---- DATA EXTRACT

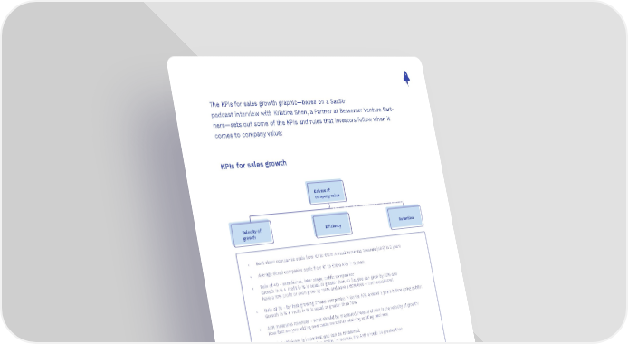 The KPIs for sales growth graphic—based on a SaaStr podcast interview with Kristina Shen, a Partner at Bessemer Venture Part- ners—sets out some of the KPIs and rules that investors follow when it comes to company value: KPIs for sales growth Drivers of company value Velocity of Efficiency Retention growth • Best cloud companies scale from €1 to €10m Annual Recurring Revenue (ARR) in 2 years • Average cloud companies scale from €1 to €10m ARR in 3 years • Rule of 40 - established, later stage, public companies: Growth in % + Profit in % is equal or greater than 40 (i.e. you can grow by 30% and have a 10% profit or even grow by 100% and have a 60% loss = both equal 40%) • Rule of 70 - for fast-growing private companies in Series A/B, around 2 years before going public: Growth in % + Profit in % is equal or greater than 70% • ARR measures revenues - what should be measured instead of ARR is the velocity of growth: How fast are you adding new customers AND retaining existing business • Capital efficiency is important and can be measured: For a company with less than €20m in revenue, the ARR should be greater than the amount they burn in the same period Example: Revenue growth from €10m to €20m; burned €20m to do this = €10m gain/€20m cost = 0.5 efficiency score; Bessemer Venture Partners aim for an efficiency score of 1 • Burn less capital each month to acquire additional revenue; this is particularly valid for Series B companies Source: Kristina Shen, Bessemer Venture Partners Source: SaaStr podcast 176 https://player.fm/series/the-official-saastr-podcast-saas-founders-investors/saastr-176- what-saas-startups-need-to-raise-a-series-a-today-why-we-need-a-new-framework-to-think-about-saas-multi- ples-and-how-the-rule-of-40-changes-with-scale-with-kristina-shen-partner-bessemer-venture-partners 43
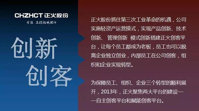 pa集团股份抓住第三次工业革命的机遇,公司实施轻资产运营摸式,实现产品创新、技术创新、 管理创新、模式创新、搭建正火创客平台,让每个员工都成为老板,员工也可以脱离企业独立创业,内部员工在公司创客,组织和企业实现转型。为保障员工、组织、企业三个转型的顺利展开,2013年,正火聚焦两大平台的建设——自主创客平台和赋能创客平台。
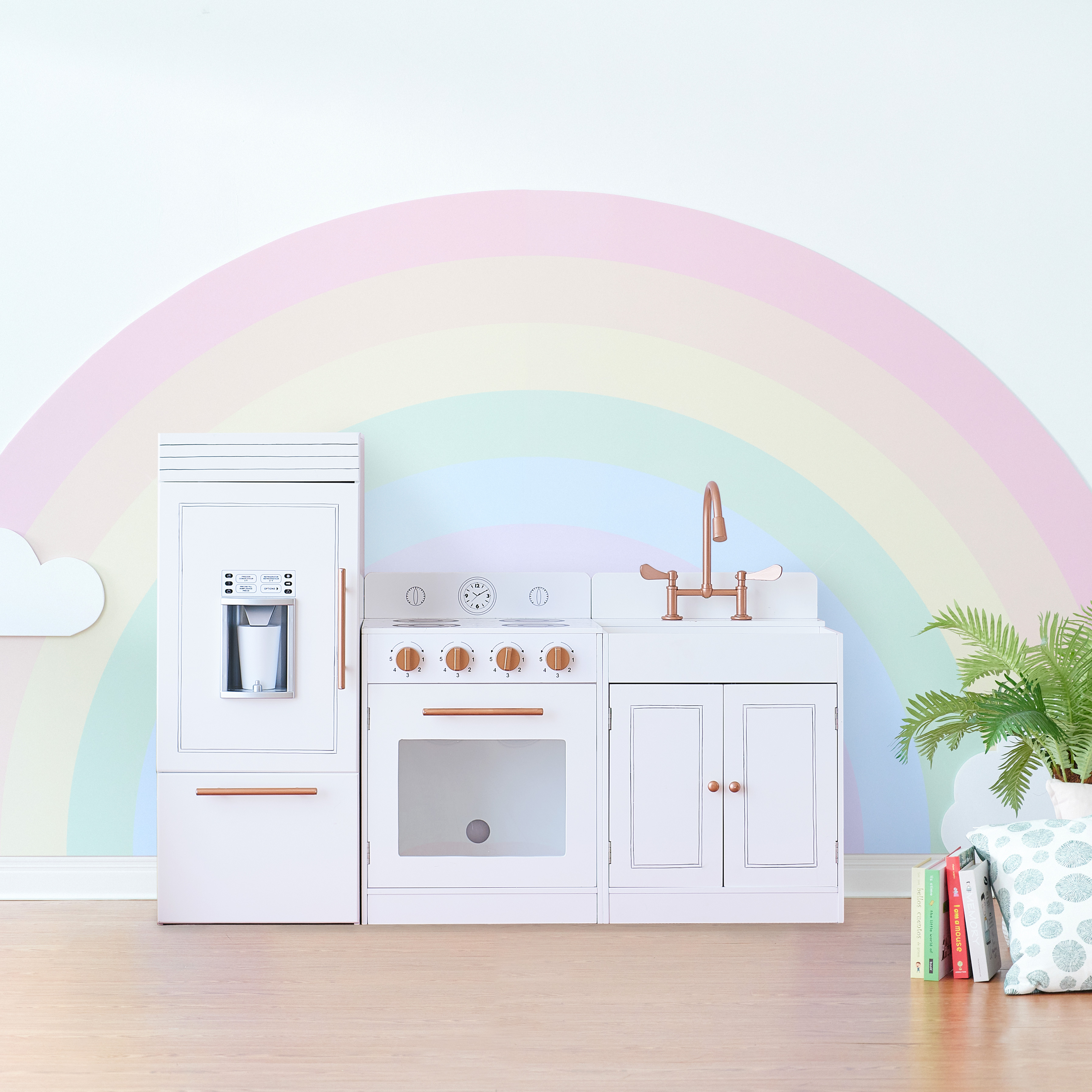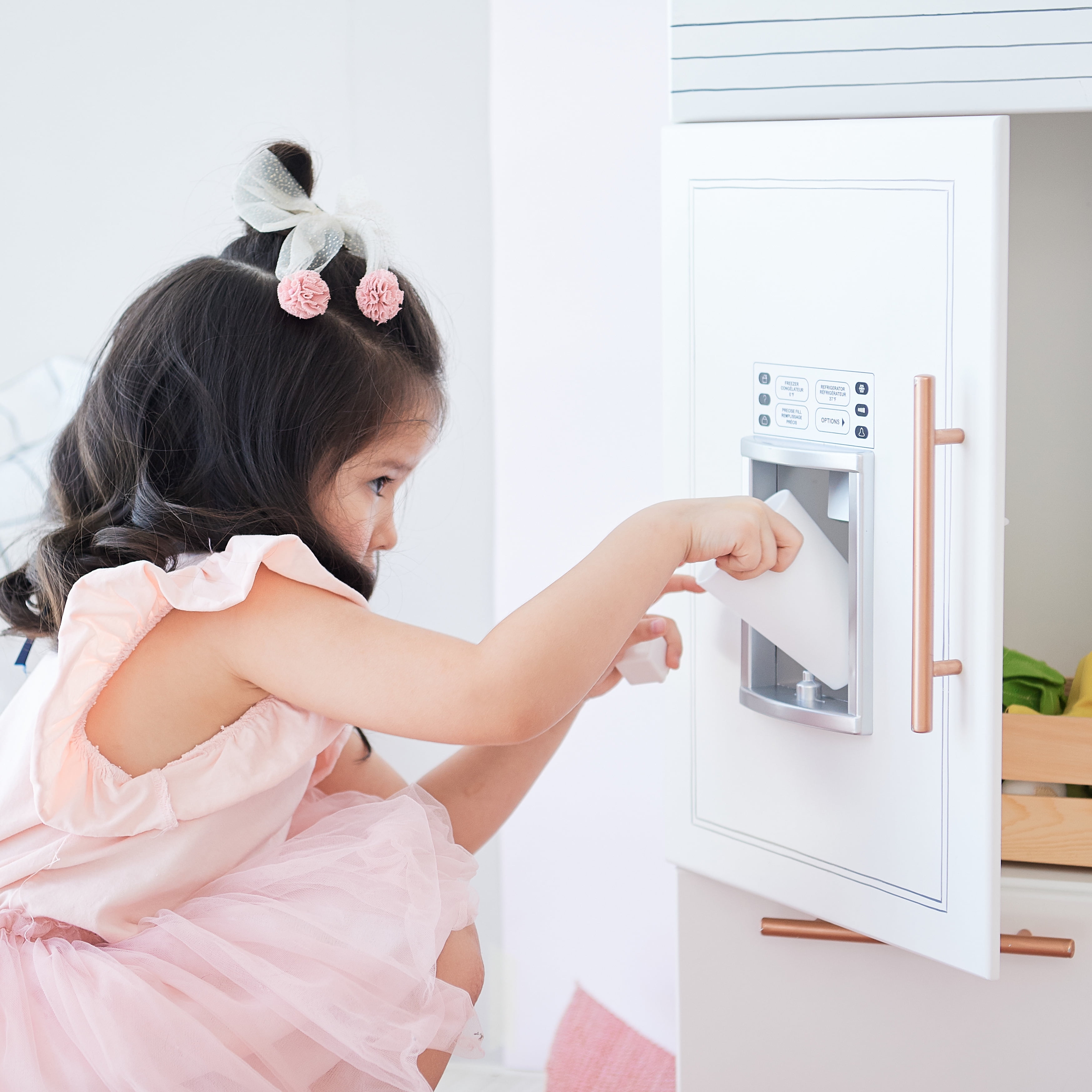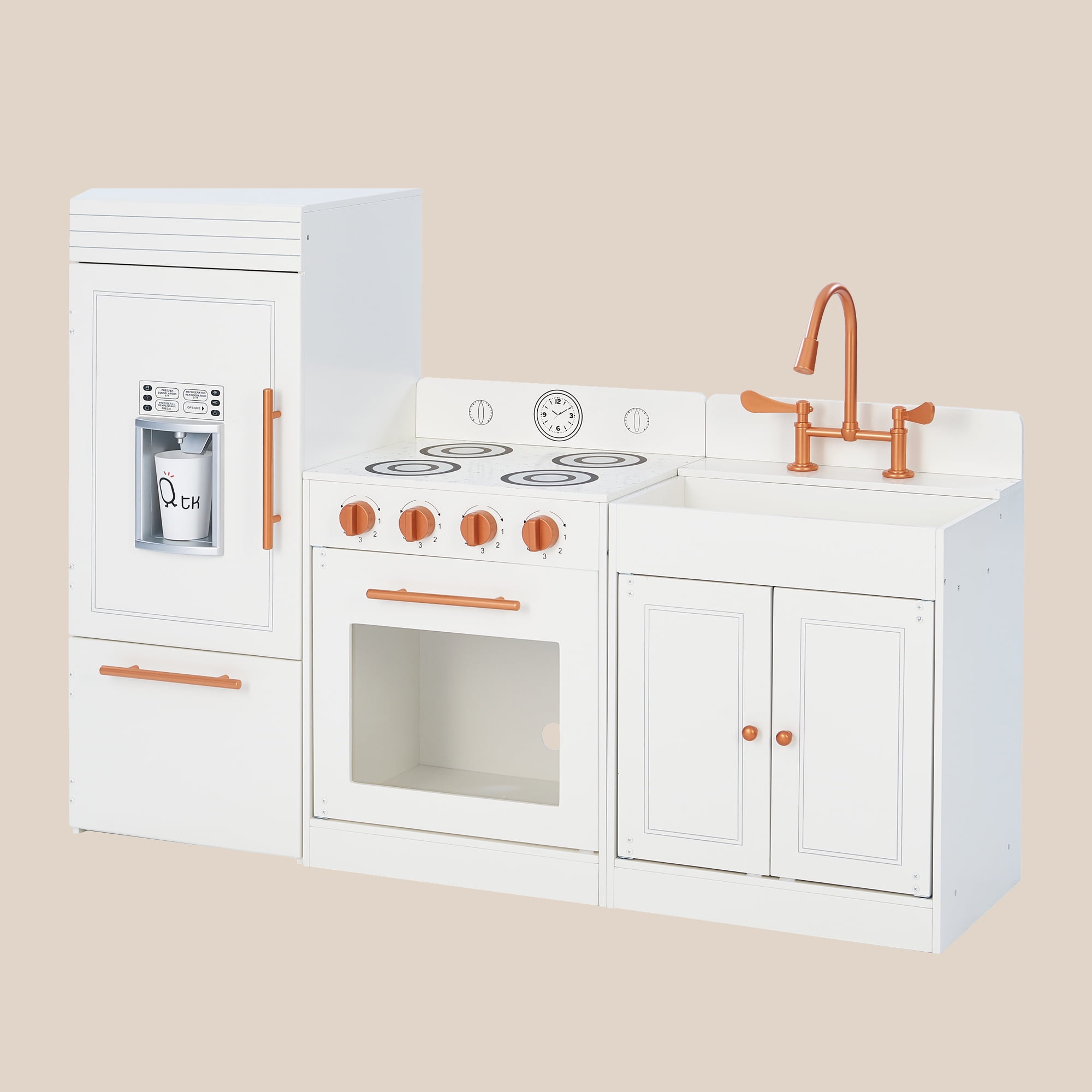 The Little Chef Paris Modular Wooden Play Kitchen comes in three units in a sleek white finish with rose gold hardware. The refrigerator features a working ice dispenser, the oven has turning knobs that click, and the deep farmhouse-style sink features a vintage-style faucet with handles that turn. The interactive features and attention to detail help spark a child’s imagination. Teamson Kids play kitchens feature ample storage space so play food and dishes aren’t lost and clean-up is easy.

--------

■ INSTRUCTIONS TO FOLLOW ■
Whenever you reach a picture, pass over it; print all the other material exactly.

■ RESPONSE TO THE EXERCISE ■
 The KPIs for sales growth graphic—based on a SaaStr podcast interview with Kristina Shen, a Partner at Bessemer Venture Part- ners—sets out some of the KPIs and rules that investors follow when it comes to company value: KPIs for sales growth Drivers of company value Velocity of Efficiency Retention growth • Best cloud companies scale from €1 to €10m Annual Recurring Revenue (ARR) in 2 years • Average cloud companies scale from €1 to €10m ARR in 3 years • Rule of 40 - established, later stage, public companies: Growth in % + Profit in % is equal or greater than 40 (i.e. you can grow by 30% and have a 10% profit or even grow by 100% and have a 60% loss = both equal 40%) • Rule of 70 - for fast-growing private companies in Series A/B, around 2 years before going public: Growth in % + Profit in % is equal or greater than 70% • ARR measures revenues - what should be measured instead of ARR is the velocity of growth: How fast are you adding new customers AND retaining existing business • Capital efficiency is important and can be measured: For a company with less than €20m in revenue, the ARR should be greater than the amount they burn in the same period Example: Revenue growth from €10m to €20m; burned €20m to do this = €10m gain/€20m cost = 0.5 efficiency score; Bessemer Venture Partners aim for an efficiency score of 1 • Burn less capital each month to acquire additional revenue; this is particularly valid for Series B companies Source: Kristina Shen, Bessemer Venture Partners Source: SaaStr podcast 176 https://player.fm/series/the-official-saastr-podcast-saas-founders-investors/saastr-176- what-saas-startups-need-to-raise-a-series-a-today-why-we-need-a-new-framework-to-think-about-saas-multi- ples-and-how-the-rule-of-40-changes-with-scale-with-kristina-shen-partner-bessemer-venture-partners 43
 pa集团股份抓住第三次工业革命的机遇,公司实施轻资产运营摸式,实现产品创新、技术创新、 管理创新、模式创新、搭建正火创客平台,让每个员工都成为老板,员工也可以脱离企业独立创业,内部员工在公司创客,组织和企业实现转型。为保障员工、组织、企业三个转型的顺利展开,2013年,正火聚焦两大平台的建设——自主创客平台和赋能创客平台。
 The Little Chef Paris Modular Wooden Play Kitchen comes in three units in a sleek white finish with rose gold hardware. The refrigerator features a working ice dispenser, the oven has turning knobs that click, and the deep farmhouse-style sink features a vintage-style faucet with handles that turn. The interactive features and attention to detail help spark a child’s imagination. Teamson Kids play kitchens feature ample storage space so play food and dishes aren’t lost and clean-up is easy.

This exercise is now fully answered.